Ce mythe répandu est d'autant plus résistant que les couturiers français ne sont pas les plus abordables. L'imaginaire collectif fait du vêtement le plus cher le vêtement de qualité. Surtout que certains couturiers ont introduit sur leurs produits des marques visibles de distinction. Chacun connaît cette espèce de "R" inachevé de Pierre Cardin. Yves Saint Laurent quant à lui a ses trois lettres alignées et s'enchevêtrant les unes sur les autres. Les quatre lettres de Dior sont souvent écrites sur la poche de la chemise. Or la visibilité de ces signes est un critère de distinction. Il permet de déterminer la classe sociale. Il informe aussi du goût et des connaissances du possesseur. Tous les jeunes fonctionnaires, les adolescents en mal de snobisme et bon nombre d'étudiants en droit et lettres achetaient - et achètent encore - ces chemises, ces chaussures, ces cravates et ces chaussettes qui ont cette marque visible. La qualité n'importe généralement pas. Seul suffit le nom. Il procure une certaine satisfaction, permet de s'afficher dans les églises, les services publics, les boîtes de nuit. La (con)quête du regard et la (re)présentation permettent d'affirmer ce qu'on n'est pas toujours : un personnage riche et aisé, alors qu'en fait on n'est qu'un petit fonctionnaire corrompu au dernier degré ou un personnage en mal de reconnaissance ou obsédé par le paraître. Il est dès lors important de se procurer des objets consacrés. La qualité est garantie par le nom, par la signature.
Le phénomène avait pris des dimensions spectaculaires quand l'ancienne Université de Yaoundé existait encore. Faire un tour à la Faculté des Lettres et principalement celle de Droit était un véritable régal visuel. Surtout qu'un respectable agrégé de droit privé avait réussi à faire comprendre à ses jeunes étudiants que les juristes devaient s'habiller bien, c'est-à-dire en costume-cravate. Et quand on sait qu'à cette époque, la bourse " coulait", on peut imaginer le degré d'intégration du culte vestimentaire. Les grandes marques européennes étaient très populaires au campus où les commerçants avaient une bonne partie de leur clientèle. Il n'était pas rare qu'un étudiant achète un livre la mort dans l'âme alors qu'il était tout joyeux de noyer ses économies dans une griffe originale.

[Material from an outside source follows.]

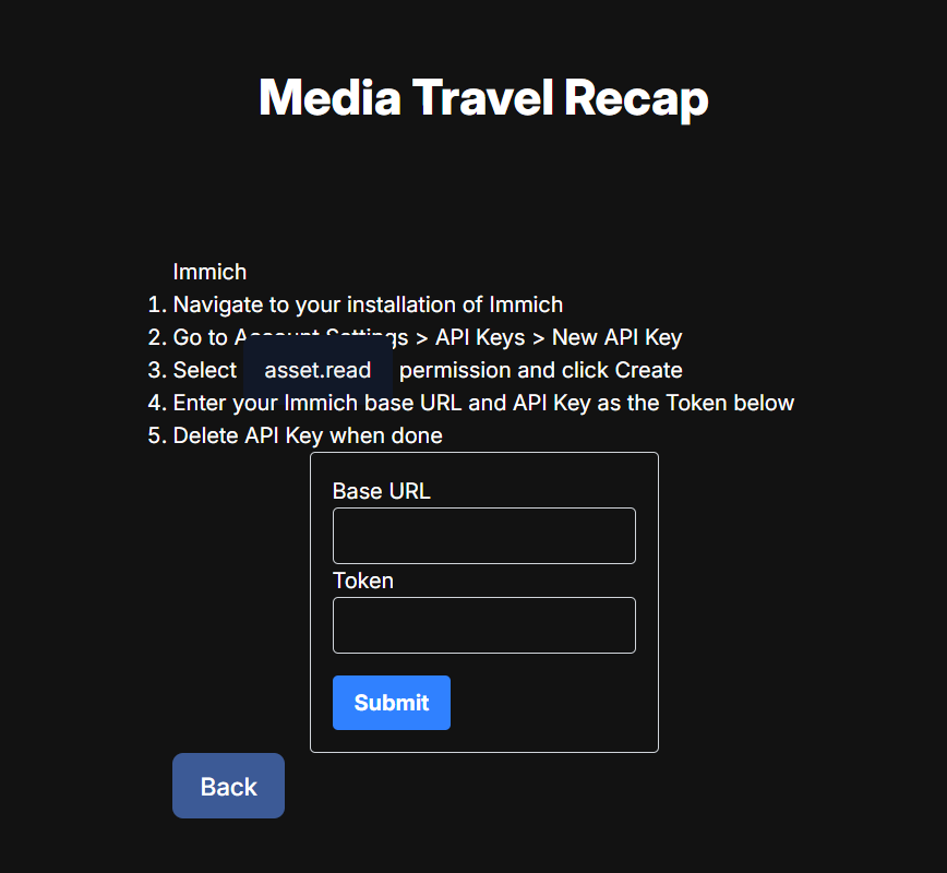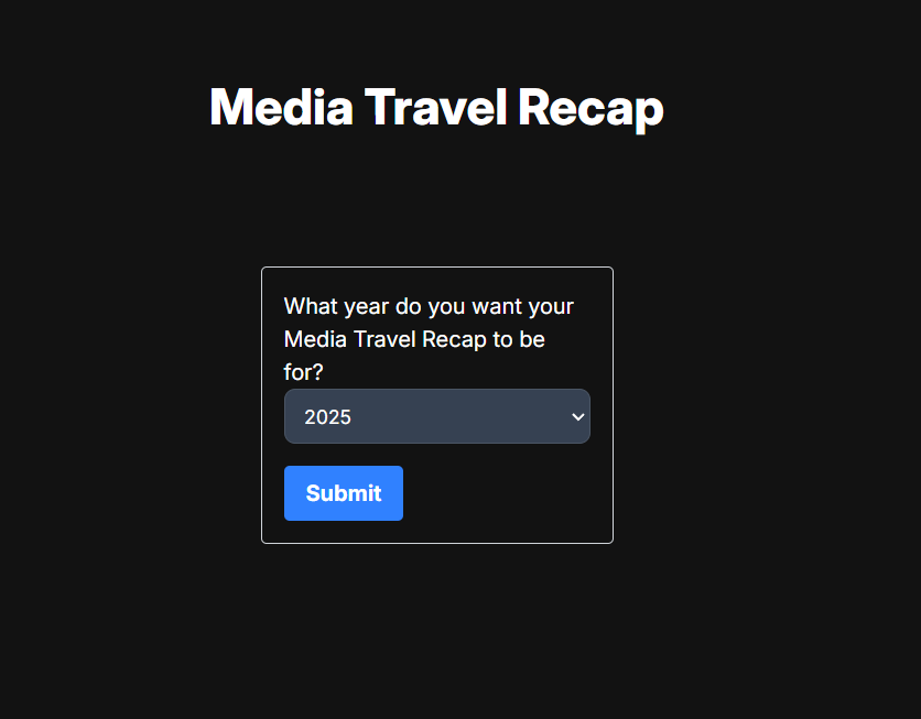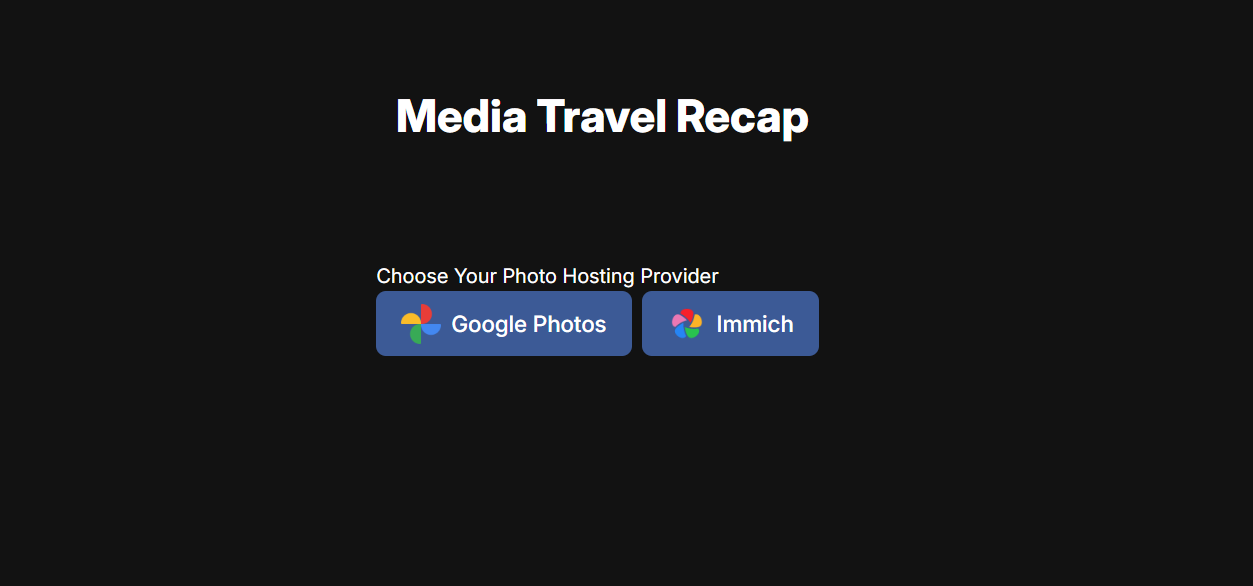 Media Travel Recap connects to your cloud photo storage to gather all photos and videos from a specified year and use the location and time metadata of the media to generate a "Travel Recap" based on where you've been that year. It compares the distance between each consecutive photo that was taken and determines whether or not you traveled somewhere new during that photo. For the recap, statistics are compiled, such as how many unique cities or states you have visited. Additionally, an animated map is generated, showing a visual of everywhere you have been. It currently works with Immich an account or Google Photos via Google Takeout.

Une telle attitude peut être interprétée comme une marque d'immaturité mais le phénomène a des racines autrement plus profondes. On pourrait dire, en reprenant Baudrillard, qu'elle reflète d'une manière perverse "l'exigence d'authenticité, qui se traduit par une obsession de certitude : celle de l'origine, de sa date, de son auteur, de sa signature"[10]. Observée dans les registres vestimentaires des Africains, elle exprime un déficit durable de confiance en soi, fruit d'une colonisation qui n'en finit pas. Le fait que ce soit la France, encore une fois, qui semble être la référence, témoigne du rapport patriarcal qui a déterminé la politique coloniale. Nos parents ont chanté "Nos ancêtres les Gaullois", et la filiation imposée semble tenace. Le "Maître", mieux, le père en matière vestimentaire demeure le colon. Baudrillard le perçoit, "[...], la recherche de la trace créatrice, depuis l'empreinte réelle jusqu'à la signature, est aussi celle de la filiation et de la transcendance paternelle. L'authenticité vient toujours du père : c'est lui la source de la valeur."[11] L'obsession de l'origine semble avoir abattu de manière définitive les Africains. Gandoulou le mentionne,
Cette surestimation idéologique et sociale de la signature prend parfois des formes grotesques et l'on retrouve le culte du vêtement dans des domaines les plus inattendus. Ainsi tel cadavre ne sera "beau" que s'il a été habillé, fleuri, logé dans un cercueil et transporté par tel service funèbre dont toutes les marchandises viennent de Paris ou d'ailleurs. Il doit être bien paré : fleurs, cercueil étincelant, costume en mohair, cravate en soie. En voyant l'élégance du cadavre étranglé par une cravate, la marque du corbillard, c'est la grandeur sociale, le statut des parents ou des enfants qui sont impliqués. La taxinomie s'étend jusqu'au cimetière ou au caveau familial : on déduit quel est le rang social du mort par le marbre, le béton ou le morceau de bois pourri érigé sur la tombe. Oscar Wilde avait peut-être raison : le mystère et la vérité de ce monde se situent dans le visible. Mais un visible qui cache l'invisible, une vérité occultée.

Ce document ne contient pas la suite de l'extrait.